Fragmented data sources and legacy systems are other problems. Potential biases in the data may also distort the outputs of any model trained on it, warned Elliot Grant, CEO at AI company Mineral. There is therefore a risk, he said, that the benefits of GenAI won’t be enjoyed by all, notably small-scale farmers in Africa or Asia, who arguably need the benefits the most.

“If we train our AI models on Midwestern corn and beans, it’s not going to discover regenerative ag or small holder cassava farming. We have to very intentionally train our data models to be balanced and have these more orphaned, less commercial crops in those data sets. Otherwise, we’ll be waiting for the benefits to be discovered for small holder farmers.”

But he added about GenAI: “It’s not a gimmick anymore. People are going to start to use AI in the real world in production and we have an obligation to the industry and to farmers and all the users that they can trust it. And we’ve got a bit of a gap to close before we get there.”

Pre-competitive collaboration will help

To close the gaps, the experts called for the agtech sector to come together to address a shared problem.

“I think it’s important the ag industry takes a step forward in open data and pre-competitive data sets including soil data, sets about certain biodiversity and genetics,” said Syngenta CIO and CDO Feroz Sheikh.

“It’s important we come together to create open standards which allow us to exchange data between systems and allow growers to maximize the benefits.”

Others at the World-Agri Summit agreed. Data is “a bit of a bugaboo”, said INTENT CEO Randy Barker. GenAI initiatives, he explained, will quickly require new types of data pipelines that prepare unstructured text data for querying by large language models (LLMs). Standardisation is needed too to establish common technical standards and best practices.  

IMG_5166.jpg
"This is an amazing time in technology, especially in agriculture,” said Jeremy Williams, head of digital farming at Bayer Crop Science (Chris Constantine)

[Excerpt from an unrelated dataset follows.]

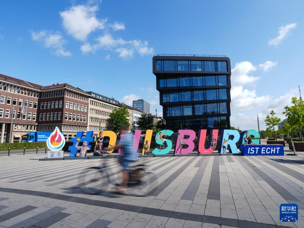 这是7月15日在德国杜伊斯堡内港拍摄的大运会宣传标识。新华社记者 王曦 摄
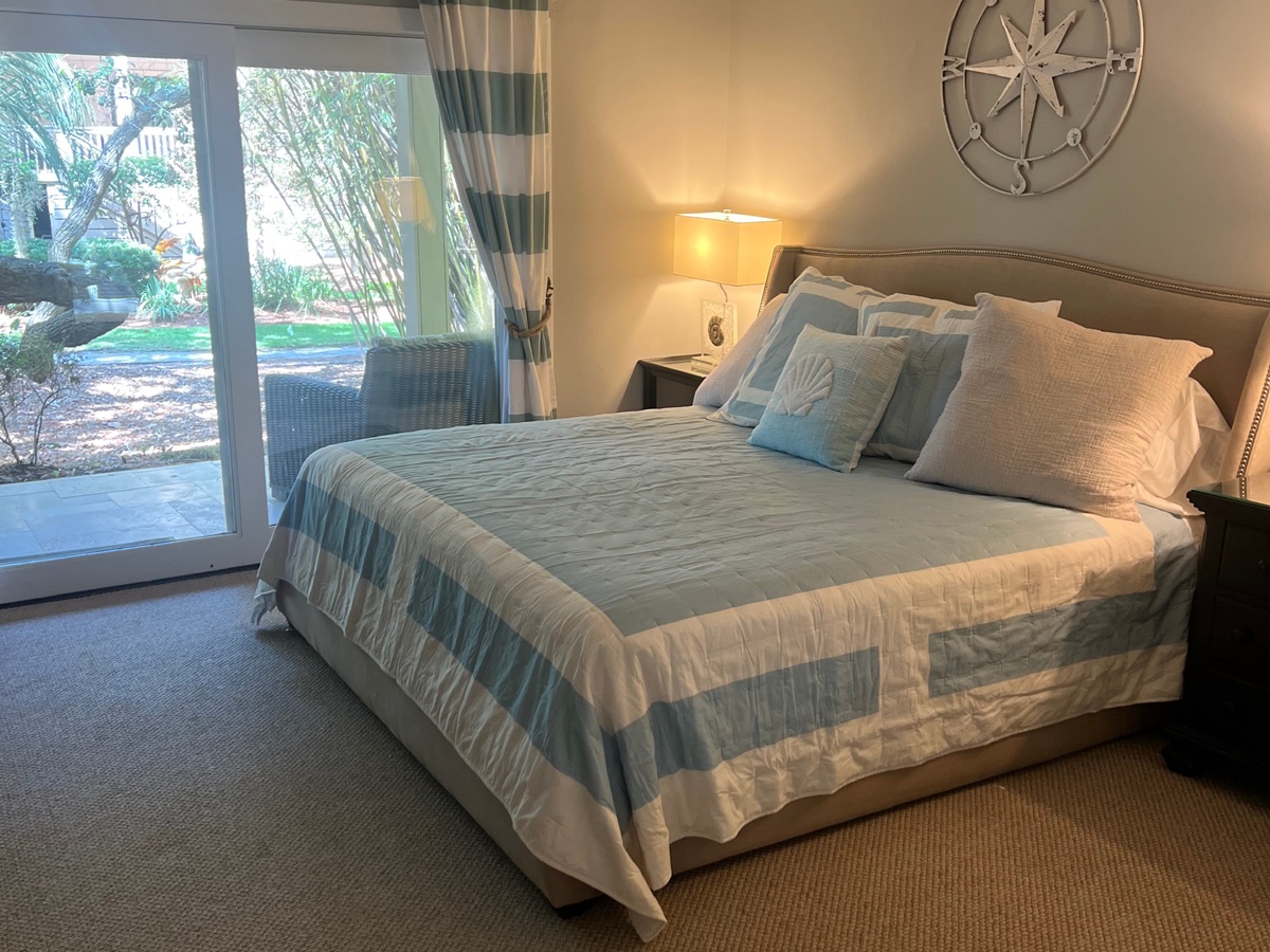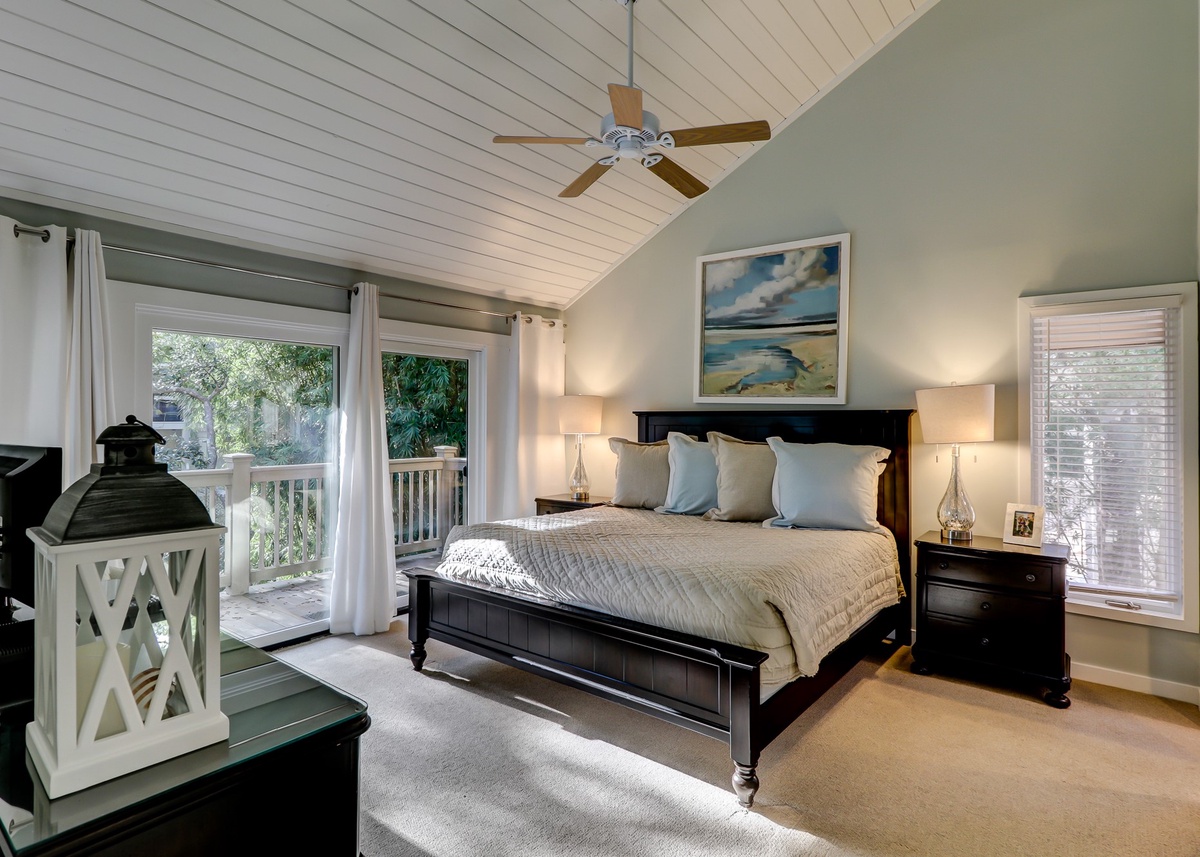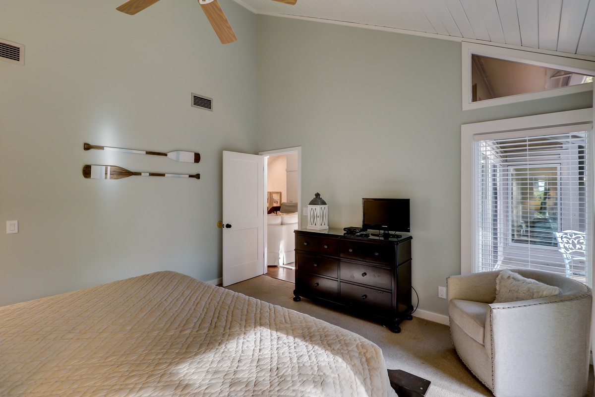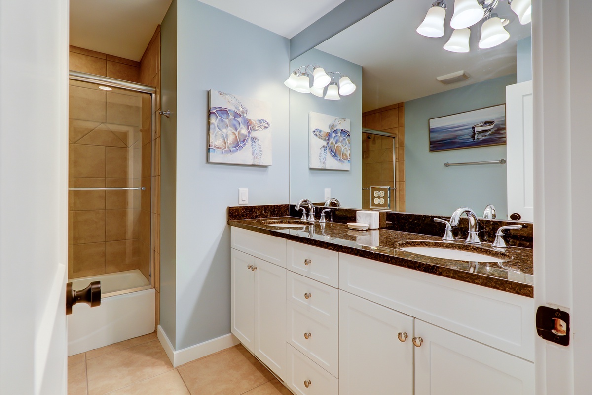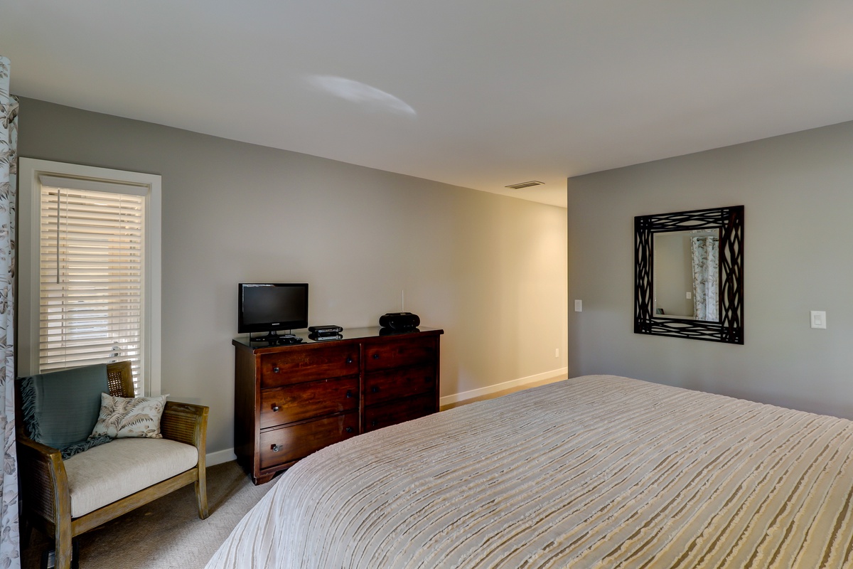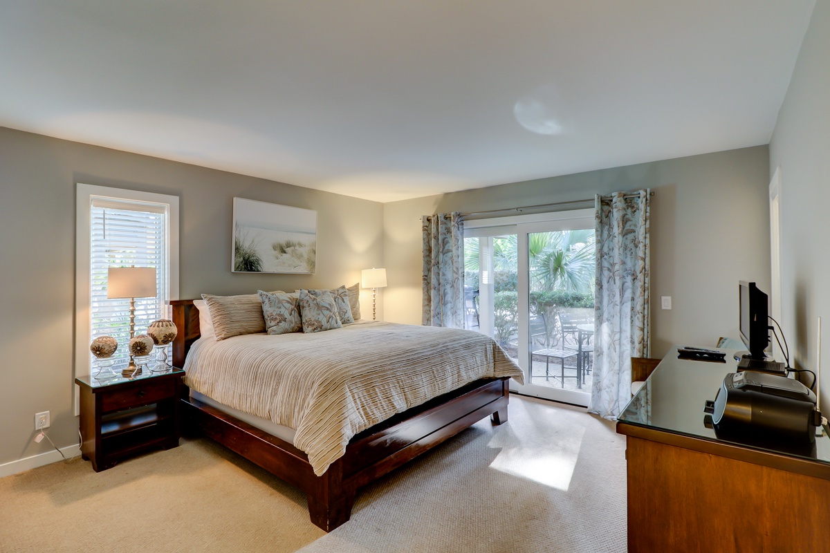 The second bedroom with king bed sits amid Lowcountry chic décor while offering its own flat-screen TV and en suite mirroring the speckled granite dual basin vanity, tub and tiled shower.

“AI is learning and growing independently of our actions and we’re going to have to really hustle to understand how good or bad the data is.”

He therefore agreed there’s a need for open datasets to spur innovation. Business models will need to be reimaged, he said, suggesting, “we have to break free of the idea of 'if I’m gonna be first, I’m gonna win'.”

Yes, collaboration is going to be key. But gaining access to field data in a standardised way is difficult and costly.

Representative bodies can and are playing a role. Ron Baruchi, president and CEO of Agmatix, for example, revealed the company has teamed up with the International Fertilizers Association to collect more than 5,000 data sets that are fully open for “everyone to download, share and develop their own AI models around”.

Data silos must be broken down to promote innovation

It is crucial that the industry take on the problem of data silos – or isolated stores of data that cannot be not easily accessed or shared across an organization – added Bhandari.

But doing so presents both a challenge and a golden opportunity to reimagine current business models, he said. That’s because data siloing is a barrier blocking organisations from meeting digital transformation targets. But GenAI itself can help organisations optimise their data infrastructure.

For generative AI to bring real impact and foster partnerships that foster value faster, companies must therefore “transcend the boundaries of their enterprise and look at collaboration,” he told us. Data silos pose a challenge to that. But GenAI is going to change the definition of competition going forward, he predicts. Once, companies specialised in, say, seeds or fertiliser. Now they will have to move from specialisation to create "partnerships building unified data sets.”